Warning 1, line 11268 - 2024-03-27T06:07:34.833 INFO:journalctl@ceph.mon.a.smithi184.stdout:Mar 27 06:07:34 smithi184 bash[21504]: cluster 2024-03-27T06:07:34.219228+0000 mon.a (mon.0) 323 : cluster [WRN] Health check failed: no active mgr (MGR_DOWN)
Warning 2, line 23642 - 2024-03-27T06:07:49.277 INFO:journalctl@ceph.mon.a.smithi184.stdout:Mar 27 06:07:48 smithi184 bash[21504]: cluster 2024-03-27T06:07:47.832342+0000 mon.a (mon.0) 342 : cluster [INF] Health check cleared: MGR_DOWN (was: no active mgr)
Then cluster becomes healthy, from line 23643 -
2024-03-27T06:07:49.277 INFO:journalctl@ceph.mon.a.smithi184.stdout:Mar 27 06:07:48 smithi184 bash[21504]: cluster 2024-03-27T06:07:47.832393+0000 mon.a (mon.0) 343 : cluster [INF] Cluster is now healthy 2024-03-27T06:07:49.277 INFO:journalctl@ceph.mon.a.smithi184.stdout:Mar 27 06:07:48 smithi184 bash[21504]: cluster 2024-03-27T06:07:47.836380+0000 mon.a (mon.0) 344 : cluster [DBG] mgrmap e20: x(active, star
Tests start running, line 42136 -
2024-03-27T06:07:52.025 INFO:tasks.cephfs_test_runner:Starting test: test_cephfs_export_update_at_non_dir_path (tasks.cephfs.test_nfs.TestNFS)
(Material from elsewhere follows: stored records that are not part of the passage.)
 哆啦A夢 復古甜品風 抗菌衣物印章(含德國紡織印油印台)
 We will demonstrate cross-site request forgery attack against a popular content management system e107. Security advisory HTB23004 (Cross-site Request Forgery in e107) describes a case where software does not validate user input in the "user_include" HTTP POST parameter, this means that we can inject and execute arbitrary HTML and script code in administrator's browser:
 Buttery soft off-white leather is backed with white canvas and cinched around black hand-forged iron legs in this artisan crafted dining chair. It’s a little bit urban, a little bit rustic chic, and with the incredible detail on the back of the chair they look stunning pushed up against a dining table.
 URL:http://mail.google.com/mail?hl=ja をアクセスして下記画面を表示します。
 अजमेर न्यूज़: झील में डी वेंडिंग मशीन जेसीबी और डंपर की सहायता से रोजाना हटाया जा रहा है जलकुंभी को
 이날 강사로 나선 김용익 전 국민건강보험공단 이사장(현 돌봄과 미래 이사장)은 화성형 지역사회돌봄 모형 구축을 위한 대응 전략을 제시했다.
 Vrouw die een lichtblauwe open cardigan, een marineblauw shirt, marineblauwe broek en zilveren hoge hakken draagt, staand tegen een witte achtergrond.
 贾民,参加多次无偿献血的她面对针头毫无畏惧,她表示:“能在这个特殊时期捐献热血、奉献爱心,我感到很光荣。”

Cluster is health again when tests are at the end of test_nfs.py, from line 231178 -
2024-03-27T06:32:18.776 INFO:journalctl@ceph.mon.a.smithi184.stdout:Mar 27 06:32:18 smithi184 bash[21504]: cluster 2024-03-27T06:32:17.531023+0000 mon.a (mon.0) 3332 : cluster [INF] Health check cleared: FS_DEGRADED (was: 1 filesystem is degraded) 2024-03-27T06:32:18.776 INFO:journalctl@ceph.mon.a.smithi184.stdout:Mar 27 06:32:18 smithi184 bash[21504]: cluster 2024-03-27T06:32:17.531067+0000 mon.a (mon.0) 3333 : cluster [INF] Cluster is now healthy
Tests finish running, line 247158 -
2024-03-27T06:37:26.372 INFO:tasks.cephfs_test_runner:Ran 30 tests in 1796.992s
Warning 3, line 247231 - 2024-03-27T06:38:24.458 INFO:teuthology.orchestra.run.smithi184.stdout:2024-03-27T06:07:34.219228+0000 mon.a (mon.0) 323 : cluster [WRN] Health check failed: no active mgr (MGR_DOWN)
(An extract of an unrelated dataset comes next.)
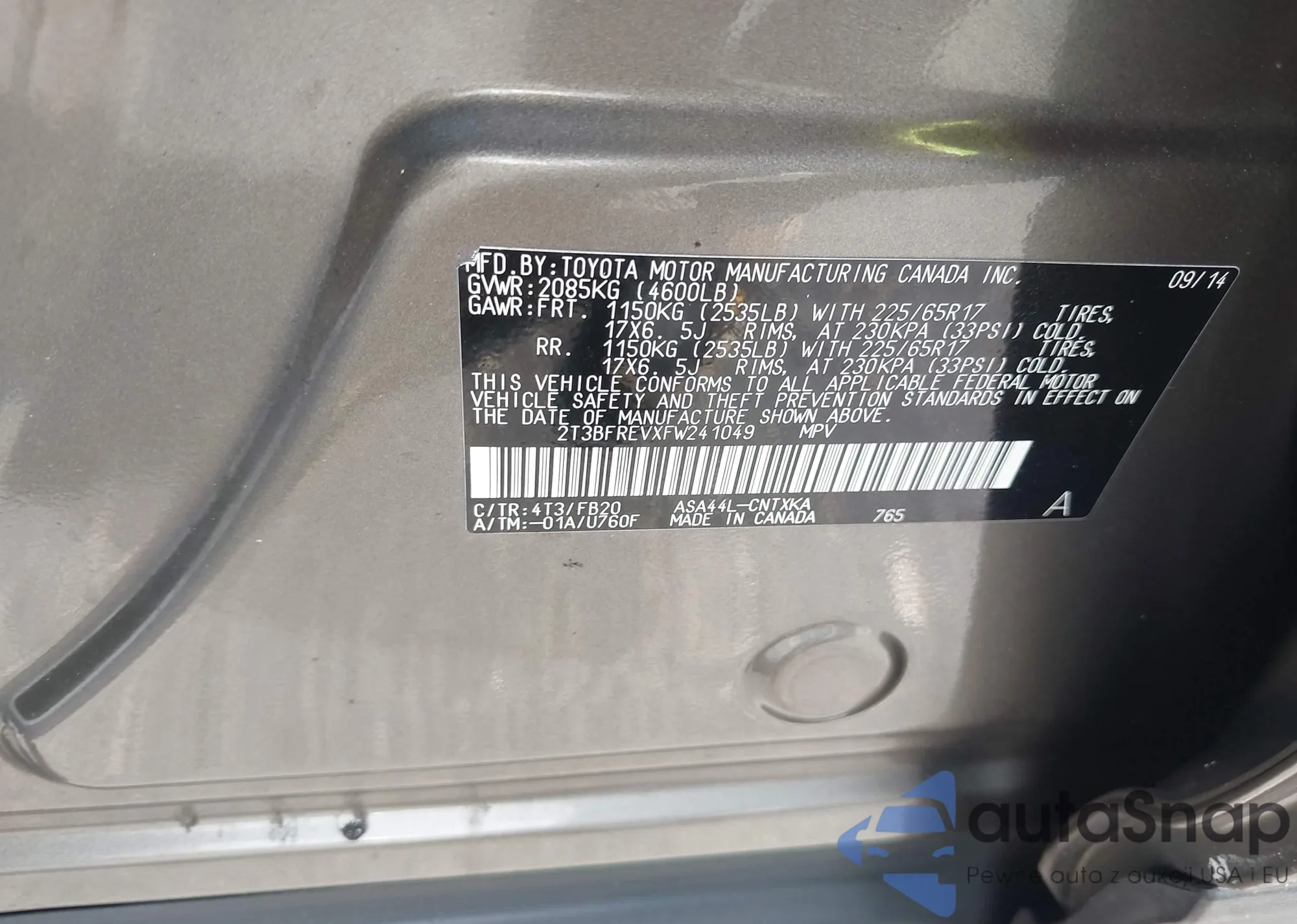 LOT: 42725250 VIN: 2T3BFREVXFW241049

Warning 4, line 247236 - 2024-03-27T06:38:24.673 INFO:teuthology.orchestra.run.smithi184.stdout:2024-03-27T06:07:34.219228+0000 mon.a (mon.0) 323 : cluster [WRN] Health check failed: no active mgr (MGR_DOWN)
From /a/rishabh-2024-03-27_05:27:11-fs-wip-rishabh-testing-20240326.131558-testing-default-smithi/7625569/remote/smithi184/log/2d1fee3e-ebff-11ee-95d0-87774f69a715/ceph-mgr.x.log.gz
-
2024-03-27T06:00:40.207+0000 7f426b494200 0 ceph version 19.0.0-2478-g155268c4 (155268c4e432a12433aa833f174f9fe3b1016ae0) squid (dev), process ceph-mgr, pid 7 2024-03-27T06:00:55.715+0000 7f303e506200 0 ceph version 19.0.0-2478-g155268c4 (155268c4e432a12433aa833f174f9fe3b1016ae0) squid (dev), process ceph-mgr, pid 7 2024-03-27T06:01:29.896+0000 7f8248a0c200 0 ceph version 19.0.0-2478-g155268c4 (155268c4e432a12433aa833f174f9fe3b1016ae0) squid (dev), process ceph-mgr, pid 7 2024-03-27T06:07:39.269+0000 7fbe2299a200 0 ceph version 19.0.0-2478-g155268c4 (155268c4e432a12433aa833f174f9fe3b1016ae0) squid (dev), process ceph-mgr, pid 7 2024-03-27T06:07:56.965+0000 7f09f5cd8200 0 ceph version 19.0.0-2478-g155268c4 (155268c4e432a12433aa833f174f9fe3b1016ae0) squid (dev), process ceph-mgr, pid 7 2024-03-27T06:18:30.951+0000 7f61b33d3200 0 ceph version 19.0.0-2478-g155268c4 (155268c4e432a12433aa833f174f9fe3b1016ae0) squid (dev), process ceph-mgr, pid 7 2024-03-27T06:18:40.251+0000 7f39b1c35200 0 ceph version 19.0.0-2478-g155268c4 (155268c4e432a12433aa833f174f9fe3b1016ae0) squid (dev), process ceph-mgr, pid 7
None of the PR in the testing batch looks related to this. Infact this doesn't look related to CephFS. Venky confirmed the same.